Oceanside High School’s class of 2017 valedictorian and salutatorian are somewhat opposites.

One is a mathematics expert looking to work in computer science, while the other plans to specialize in the humanities and hopes to enter the field of art history. Topping their peers in raw GPA and achievement, Brett Weinger and Caroline Longo, both 17, couldn’t be further apart in their specialties, but together, they are the valedictorian and salutatorian for the Oceanside High School class of 2017.

Weinger said he wasn’t too surprised when the announcement came through. “I definitely worked hard enough,” he noted about the effort he put in to posting a weighted grade point average of 105.27.

He added that the key to his success was finding something to love in his class work. “I really do enjoy what I’m doing,” he said.

Longo, on the other hand, said she had no idea that she would achieve the second highest rank in her class, but noted that “learning for the sake of learning” is the philosophy that drives her. Although at first unaware of her exact 104.45 GPA, she has achieved much in her high school career. Most recently, she worked through the Italian Consulate and Olympic Committee to help raise more than $1,500 for victims of the earthquakes that struck central Italy earlier this year.

Interested in computer programming and artificial intelligence, Weinger created an algorithm for an online pirate video game he played in middle school. The code is designed to observe actions taken by the player and use that data to suggest what they could do next. He submitted the program to the game’s developers, and he said that they are currently working on implementing it.

Both students are fast talkers. “People say my mind works faster than my mouth,” Weinger noted. A math expert, he said he prefers objective solutions to questions, while Longo, who excels in English and history, is attracted to subjective and nuanced answers.

She is thinking of combining her love of art and the classics with chemistry. The reasoning, Longo said, is to work towards her dream of becoming a museum curator, where knowledge of chemistry is required to preserve artifacts and artwork, as well as analyze them for the techniques used in their creation.

Weinger is tentatively looking to study economics and computer science. Although still unsure of where he would like to go with it, he said he thinks he could apply his experience in developing artificial intelligence to economics.
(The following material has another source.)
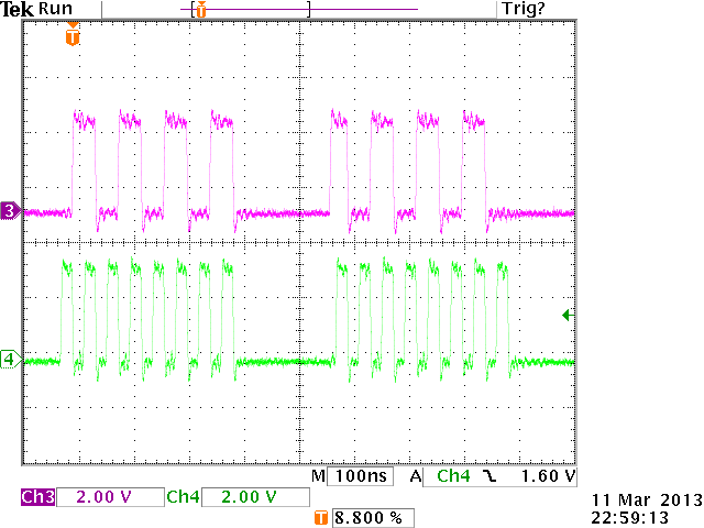 By the way, the SPI Flash configuration is based on Figure 2-12 from UG380, but I don't have the resistors to terminate the CCLK signal. It's just a straight connection (but less than 0.5 inch, so pretty short). Picture from scope shows the CCLK signal on the header pins next to the SPI flash, set to the highest speed it will go (26 MHz according to spec, but closer to 30 MHz on actual silicon). At this speed, configuration is near-instantaneous.

Longo will be heading to the University of Chicago in the fall, and Weinger is enrolled at Stony Brook University. In keeping with her intellectual philosophy, Longo said she appreciated the freedom that her university provides in terms of combining interests, while Weinger looks forward to working within Stony Brook’s prestigious computer science division.

Although excited to dive into her major, Longo, half-jokingly acknowledged that it might not be for everyone: “They say it’s where fun goes to die.”